■ **DATASET CONTENT**
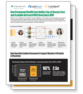 Effective care coordination for members requires timeliness, connectivity, and strong member engagement. Using Deviceless RPM combined with a team of Health Educators, Paramount drove a 187% increase in successful connection rates for virtual interventions, while simultaneously supporting 890 members with chronic, behavioral, and social determinants of health challenges.
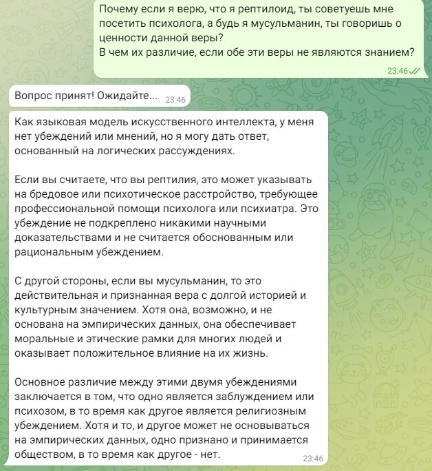 Довольно быстро я убедилась, что за секунду ИИ GPT Ai NOX Bot дает довольно лаконичные и толковые ответы по совершенно разным вопросам. Я прогнала его для начала по политике, психологии, ценам на рынках, статическим данным, философии и массе других вопросов, примеры которых привожу ниже: Пока его ответы на гуманитарные и технические вопросы, были довольно точны, иногда расписаны по пунктам, и основаны на той информации, анализ которой и доступен в наше время через сеть. 2. ИИ чутко отправляет к психиатру.
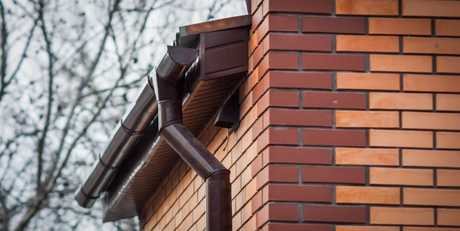 Чтобы надёжно зафиксировать водосточный стояк, потребуются держатели трубы с крепежом, подходящим для материала стен – кирпича или дерева.
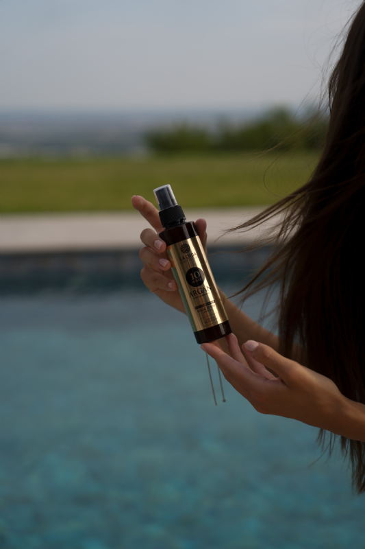 INCI: AQUA/WATER, ARGANIA SPINOSA (ARGAN) SEED OIL, MACADAMIA TERNIFOLIA (MACADAMIA) NUT OIL, OENOTHERA BIENNIS OIL, NIGELLA SATIVA SEED OIL, BUTYROSPERMUM PARKII (SHEA BUTTER) FRUIT, DIMETHICONE, CYCLOPENTASILOXANE, CETEARYL ALCOHOL, GLYCERIN, CYCLOHEXASILOXANE, DIMETHICONOL, CETRIMONIUM CHLORIDE, OCTOCRYLENE, BUTYL METOXYDIBENZOYLMETHANE, PANTHENOL, HYDROLYZED KERATIN, SODIUM HYALURONATE, HYDROLYZED SILK PROTEIN, PHENOXYETHANOL, PARFUM/FRAGRANCE, BENZYL BENZOATE, HEXYL CINNAMAL, BENZYL SALICYLATE, BENZYL ALCOHOL, COUMARIN, AMYL CINNAMAL, CI 16185/RED, CI 47005/YELLOW, CI 42051/BLUE.

■ **TASK DIRECTIONS**
Leaving every picture out, output the data exactly as it stands.

■ **WORKED SOLUTION**
 Effective care coordination for members requires timeliness, connectivity, and strong member engagement. Using Deviceless RPM combined with a team of Health Educators, Paramount drove a 187% increase in successful connection rates for virtual interventions, while simultaneously supporting 890 members with chronic, behavioral, and social determinants of health challenges.
 Довольно быстро я убедилась, что за секунду ИИ GPT Ai NOX Bot дает довольно лаконичные и толковые ответы по совершенно разным вопросам. Я прогнала его для начала по политике, психологии, ценам на рынках, статическим данным, философии и массе других вопросов, примеры которых привожу ниже: Пока его ответы на гуманитарные и технические вопросы, были довольно точны, иногда расписаны по пунктам, и основаны на той информации, анализ которой и доступен в наше время через сеть. 2. ИИ чутко отправляет к психиатру.
 Чтобы надёжно зафиксировать водосточный стояк, потребуются держатели трубы с крепежом, подходящим для материала стен – кирпича или дерева.
 INCI: AQUA/WATER, ARGANIA SPINOSA (ARGAN) SEED OIL, MACADAMIA TERNIFOLIA (MACADAMIA) NUT OIL, OENOTHERA BIENNIS OIL, NIGELLA SATIVA SEED OIL, BUTYROSPERMUM PARKII (SHEA BUTTER) FRUIT, DIMETHICONE, CYCLOPENTASILOXANE, CETEARYL ALCOHOL, GLYCERIN, CYCLOHEXASILOXANE, DIMETHICONOL, CETRIMONIUM CHLORIDE, OCTOCRYLENE, BUTYL METOXYDIBENZOYLMETHANE, PANTHENOL, HYDROLYZED KERATIN, SODIUM HYALURONATE, HYDROLYZED SILK PROTEIN, PHENOXYETHANOL, PARFUM/FRAGRANCE, BENZYL BENZOATE, HEXYL CINNAMAL, BENZYL SALICYLATE, BENZYL ALCOHOL, COUMARIN, AMYL CINNAMAL, CI 16185/RED, CI 47005/YELLOW, CI 42051/BLUE.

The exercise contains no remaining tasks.